La versión oficial dice que se suicidó y listo. Una versión a la que se llega casi sin investigación policial, ya que al día siguiente de los hechos el jefe de la Policía fue destituido, confinado a Charagua y reemplazado por un subteniente.

Que Busch salga vivo de una guerra de 90 mil muertos y se mate siendo presidente, no es muy lógico. Tenía muchas razones para estar vivo: era presidente, padre de tres hijos y una cuarta en camino; admirado por el pueblo (no hubo entierro más multitudinario que el suyo), pagaba su casa con un crédito (tenía el sueño de un hogar), era joven y estaba en el lugar ideal para conseguir su anhelo: la independencia económica de Bolivia.

Por otro lado, tenía enconados enemigos por las medidas impuestas en su gobierno (1937-1939) como la creación del Banco Minero, el primer Código de Trabajo, la Constitución del 38; la abolición de la esclavitud, las regalías del 11%, la vinculación férrea de Santa Cruz con Brasil y Argentina, la firma de la paz con Paraguay, quien debió devolver a Bolivia 20.000 kilómetros cuadrados (que incluye a Puerto Busch) como condición de paz impuesta por él. Si no, les dijo: “Le echamos de nuevo”, que en camba vernáculo significaba reiniciar la guerra.

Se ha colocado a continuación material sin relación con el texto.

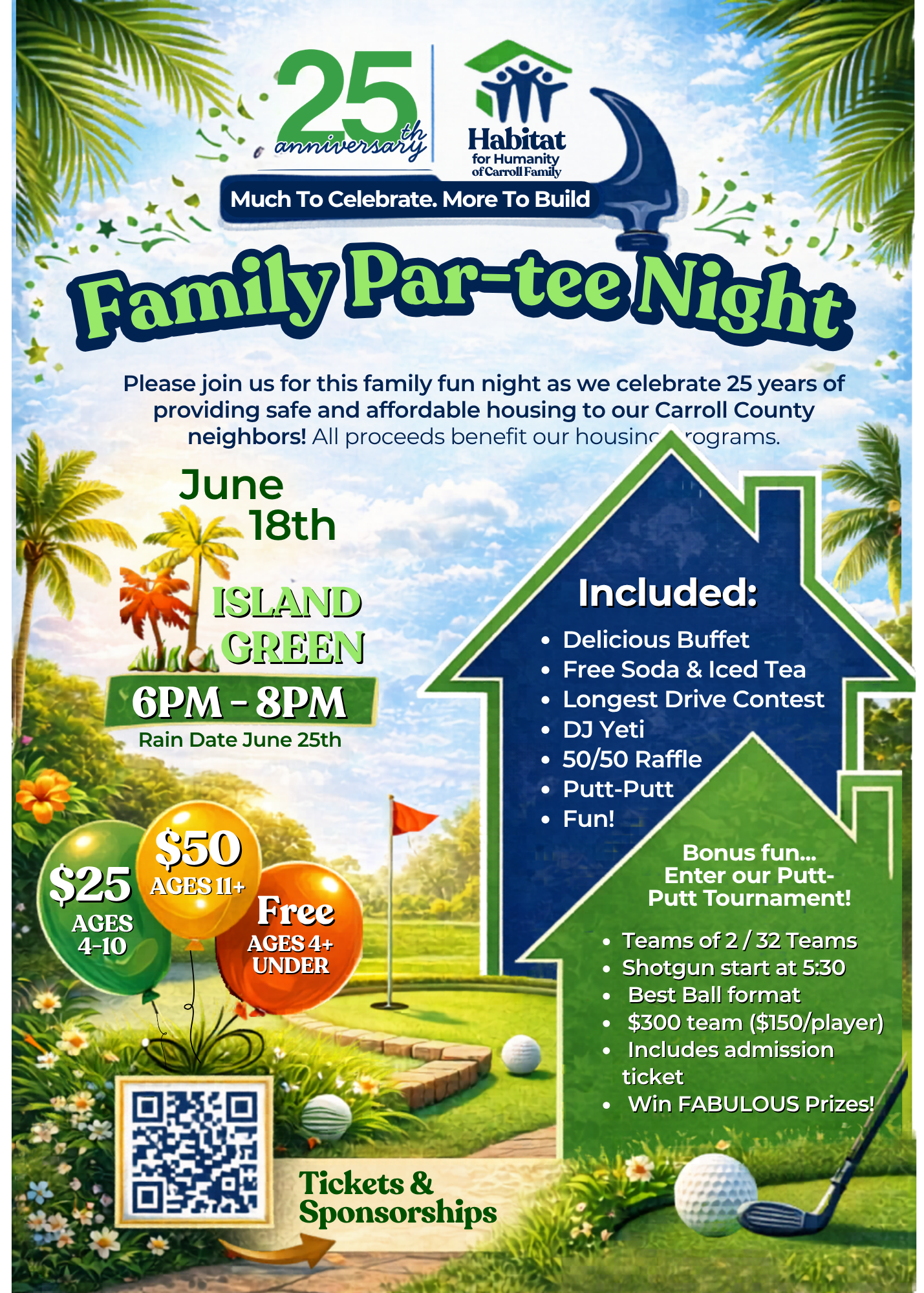 Join us as we celebrate the 25th Anniversary of Habitat for Humanity of Carroll County with a fun-filled evening at Island Green Family Fun Center!

Pero la que creo fue la razón de su muerte se dio 66 días antes de esa madrugada fatal. El 7 de junio del 39 nacionalizó las divisas de los barones de la minería y en su discurso de anuncio dejó claro que corría peligro:“Si a causa de esto cae mi gobierno, lo habrá hecho al amparo de una gran bandera”. Tal vez pensó que sólo lo derrocarían, no tomó en cuenta la amenaza del barón Hochschild cuando dijo que, “puede que Busch me haya perdonado, pero yo no lo perdono a él”. Germán había ordenado fusilarlo por traidor, pero luego anuló la orden. No es poco que te amenace así uno de los tres amos del país.

Germán dejó salir de su boca un gruñido que ya no era de este mundo mientras agonizó por 9 horas en el hospital General antes de morir. A las 6 am, cuando Enrique Baldivieso que había sido su vicepresidente llegó a Palacio para hacerse cargo, halló un nuevo gobierno presidido por el general Quintanilla, cuya primera medida fue, sí señores: devolverle a los Barones las divisas mineras. Si esto no es lo que parece, entonces no sé qué es.

Germán Busch es el presidente más enigmático de nuestra historia y aunque sus medidas fueron revertidas, su semilla brotó poderosa con la revolución del 52, impulsada por colaboradores suyos como Carlos Montenegro o Víctor Paz, revolución que transformó al país para siempre y que el 9 de abril cumplió 67 años.

Hoy en el lugar donde estuvo la casa de Busch se levanta un hospital psiquiátrico, un acto de justicia poética, de ironía del destino o de metáfora cruel que pinta de cuerpo entero al acto de locura e impunidad que un amanecer de agosto sucedió allí.